Before submitting a new issue...

Make sure you already searched for relevant issues, and asked the chatbot living at the bottom right corner of the documentation page, which can answer lots of frequently asked questions.

extent analysis

Fix Plan

The error message indicates a KeyError exception, which suggests that the code is trying to access a key that does not exist in a dictionary. To fix this issue, we need to ensure that the key 'language_model.model.layers.30.self_attn.attn' exists in the dictionary before trying to access it.
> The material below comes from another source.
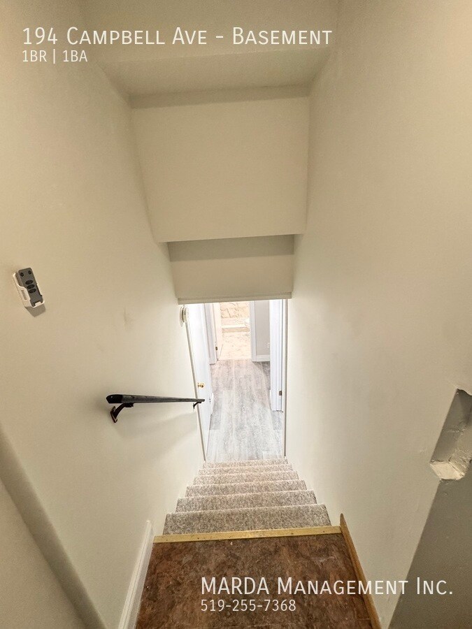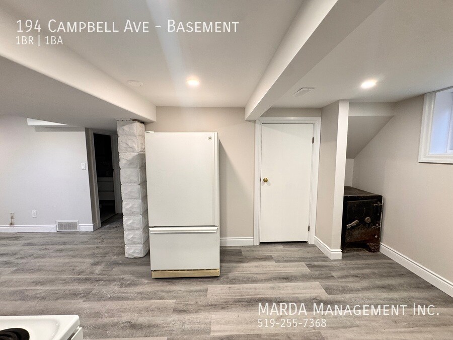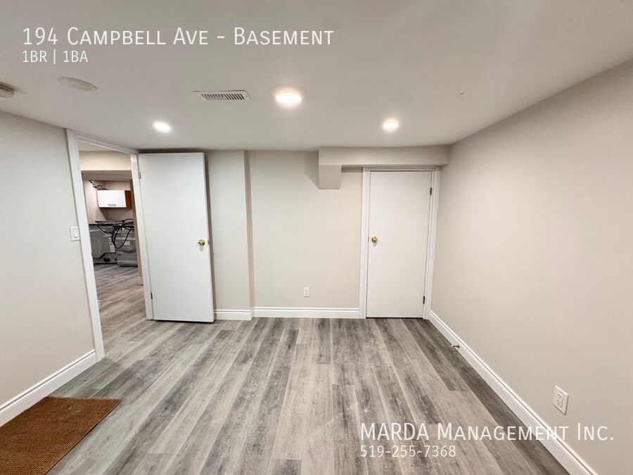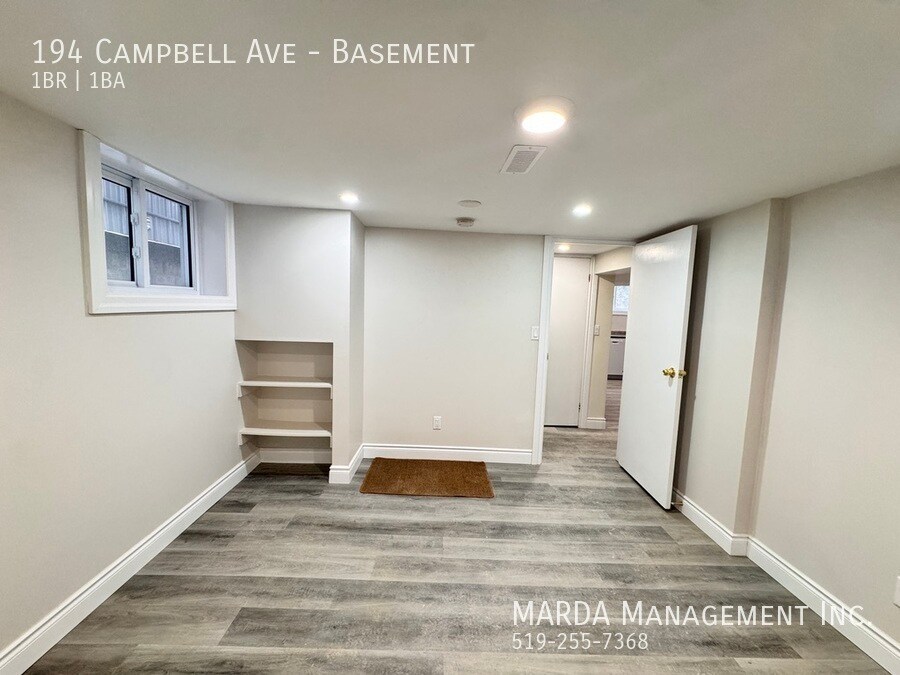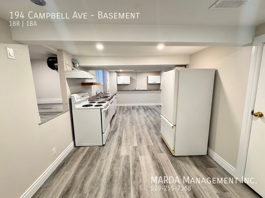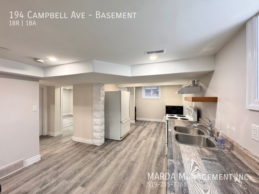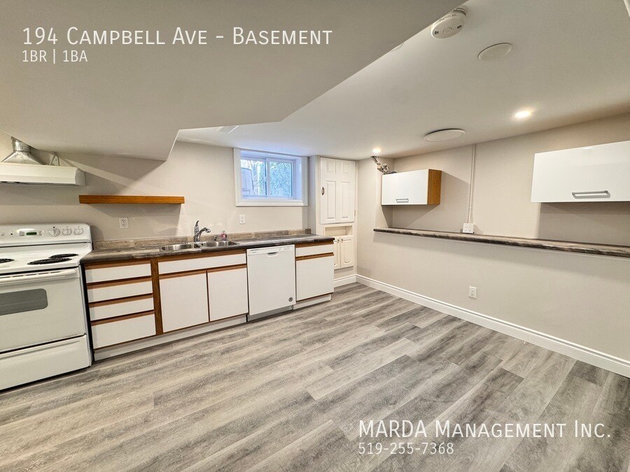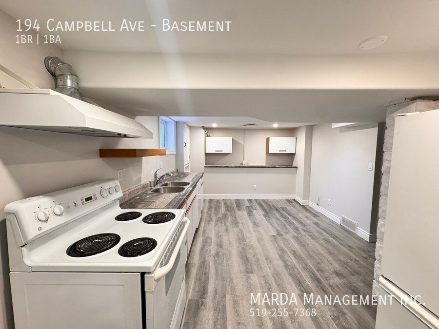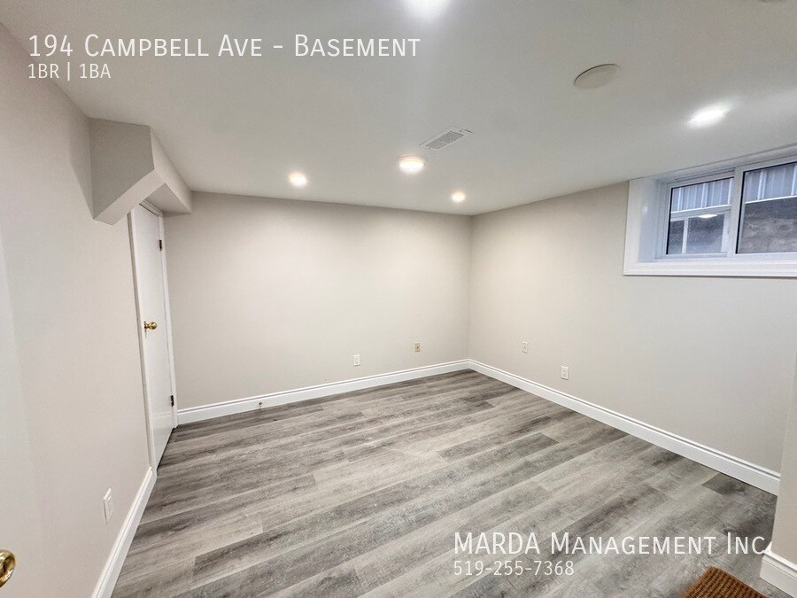 Welcome to 194 Campbell Basement, a newly renovated 1 bedroom, 1 bathroom unit offering modern finishes and a functional layout. This bright and spacious basement apartment features brand new laminate flooring throughout and multiple storage closets for added convenience. The bedroom is a good size and includes a closet. The bathroom offers a stand-up shower and clean, updated finishes. The open concept kitchen and living area provides a versatile space that can be arranged for both relaxing and dining. A dedicated laundry room with washer and dryer is included in the unit for your convenience. Tenants are responsible for 20% of hydro, water, and gas. One-year minimum lease. First and last months rent and a credit check are required. Professionally managed by MARDA Management, offering 24/7 maintenance support with a live agent and easy, convenient rent payment options. Call MARDA MANAGEMENT today at or Email to schedule your viewing! Freshly Painted Laminate Flooring No Smoking Allowed Pet Friendly Shared Back Yard

Here are the steps to fix the issue:

Check the model configuration and ensure that the layer 'language_model.model.layers.30.self_attn.attn' is correctly defined.
Verify that the model is correctly loaded and the layers are properly initialized.
Modify the code to handle the case where the key does not exist. This can be done by using the get() method of the dictionary, which returns None if the key does not exist.

Example code:

# Assuming layers is a dictionary
attn_backend = layers.get('language_model.model.layers.30.self_attn.attn')
if attn_backend is None:
    # Handle the case where the key does not exist
    print("Key 'language_model.model.layers.30.self_attn.attn' does not exist")
else:
    # Use the attn_backend
    pass

Alternatively, you can use a try-except block to catch the KeyError exception and handle it:

try:
    attn_backend = layers['language_model.model.layers.30.self_attn.attn']
except KeyError:
    # Handle the case where the key does not exist
    print("Key 'language_model.model.layers.30.self_attn.attn' does not exist")

Verification

To verify that the fix worked, run the code again and check if the KeyError exception is still raised. If the exception is not raised, it means that the fix was successful.

Extra Tips

Make sure to test the code thoroughly after applying the fix to ensure that it works as expected.
Consider adding error handling mechanisms to handle similar errors in the future.
If the issue persists, try to debug the code to identify the root cause of the problem.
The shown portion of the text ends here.